# Dewalt 716



## gowings (Nov 10, 2013)

I have found out that Dewalt makes 5 different types of the 716. Anyone know the differences. Nothing on the Dewalt site to show the differences. BUYER BEWARE. On the boxes on the shelves its packed in it just shows DW716.


----------



## mstrat (Jul 10, 2013)

Quite common...same model number, different item number. I think (and could be completely off my rocker) they use different item numbers so they can get past some of the price matching. I've also heard (here and from my local tool shop) that box stores get a lower quality version than pro-tool shops...I've never tore any of them apart side by side to confirm, my tool guy may be feeding me a line, but I like the small biz he's running anyway...I'll stick with him!


----------



## kambrooks (Apr 24, 2012)

mstrat said:


> Quite common...same model number, different item number. I think (and could be completely off my rocker) they use different item numbers so they can get past some of the price matching. I've also heard (here and from my local tool shop) that box stores get a lower quality version than pro-tool shops...I've never tore any of them apart side by side to confirm, my tool guy may be feeding me a line, but I like the small biz he's running anyway...I'll stick with him!

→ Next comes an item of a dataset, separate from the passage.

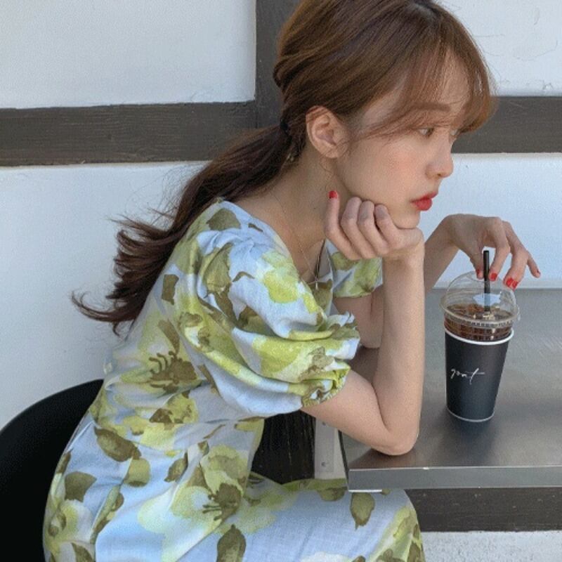 サマーフローラルスカート カラーロングドレス 大人ガーリー スウィート キュート カジュアル エレガント 夏物 花柄 スクウェア ICC_レディース0038292

Big box stores do that all the time


----------



## CrpntrFrk (Oct 25, 2008)

This subject has been covered here many, many, many times before. There has been NO, I repeat, NO PROOF that manufactures do this. Consensus is if the model number is the same, then the tool is the same tool. 

If you believe this not to be true it has been agreed that the doubter is responsible for the proof.


----------



## gowings (Nov 10, 2013)

In further investigation the type 20 -716 has no removable handle assembly to put a LED light or laser attachment on. Yet the box's are stamped DW716 on the outside with no determinable 2nd abbreviation after the 716. Its only when you open up the box do you realize on the motor housing its a type 20 and notice No removable handle part. Very deceiving Dewalt has made this.


----------



## Nepean GC (Sep 10, 2012)

I had the same thing happen to me this spring when I got my dewalt 713. Display at Home Depot had a nice blurb about the laser or LED, but the saw didn't have the removable cutout, or the mount on the blade guard. I was a bit peeved to say the least.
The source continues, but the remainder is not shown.